What Goldstein calls “a good manufacturing method” is now ubiquitous among the likes of AB-InBev – which owns both Stella and American Budweiser – Carlsberg, Coors and Heineken. All the beers have a 21-day production cycle, from mashing the grain, boiling with hops, fermentation and packaging. It’s a system that flies in the face of the very meaning of “lager” – storage.

A true lager beer is stored, aged and conditioned for several months. But that is anathema to the accountants that run the global brewers. Their main aim in life is pushing beer out as fast as possible in order to maximise sales.

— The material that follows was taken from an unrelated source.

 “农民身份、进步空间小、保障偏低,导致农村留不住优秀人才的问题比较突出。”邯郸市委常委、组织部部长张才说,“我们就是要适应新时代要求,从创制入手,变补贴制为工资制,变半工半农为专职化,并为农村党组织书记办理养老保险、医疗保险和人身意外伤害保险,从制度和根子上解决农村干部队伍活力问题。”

In sharp contrast, Budvar is aged for 90 days. It’s possible to tour the lager cellars at the brewery and taste the beer at one, two and three months to see how it develops over that long period, ending with a rich malt and vanilla aroma and palate with a delicate underpinning Czech Saaz hops.

The “experts” are blithely unaware of the crucial difference between mass produced global near-lagers and those from genuine, traditional breweries. And the narrow choice of beers in the tasting is curious. Why did they not include the other great Czech beer, Pilsner Urquell? The name, after all, does mean “Original Pilsner”, the first golden lager ever brewed. It’s a radically different beer to Budvar and emphasises the range of beer styles available in the Czech Republic.

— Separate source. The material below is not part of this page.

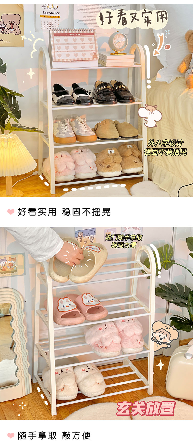 鞋架家用简易门口室内鞋子置物架ins风多层出租房宿舍收纳架鞋柜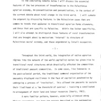 - The Dislocation and Reconstitution of a Peasantry: The Social Economy of Agrarian Palestine in the Central Highlands and the Jordan Valley, 1960-1980

While Budvar has a soft, creamy quality and is not aggressively hopped, Pilsner Urquell has a far greater hop character. With around 44 units of bitterness – twice as many as Budvar’s – it’s one of the bitterest lager beers available and its absence from the Stockholm tasting is bizarre.

But everything about the event is bizarre. Not only do lager beers not all taste the same but the sales of global brands are in sharp decline in their traditional western markets and are being challenged by new-wave lager beers from smaller craft breweries. In Britain, for example, Freedom Lager from Staffordshire has recorded remarkable growth in recent years while the WEST Bavarian beer hall and brewery in Glasgow is so successful that it’s planning a similar outlet in Edinburgh.

And how do the Stockholm people possibly explain the absence of some of the great German lager beers? There are enormous variations in character between the assertively bitter beers of the north – Jever Pilsener in particular – and the softer beers from Munich and Bavaria.

If anyone thinks all lagers taste the same, they should make a tour of the Czech Republic and Germany and revise their opinions.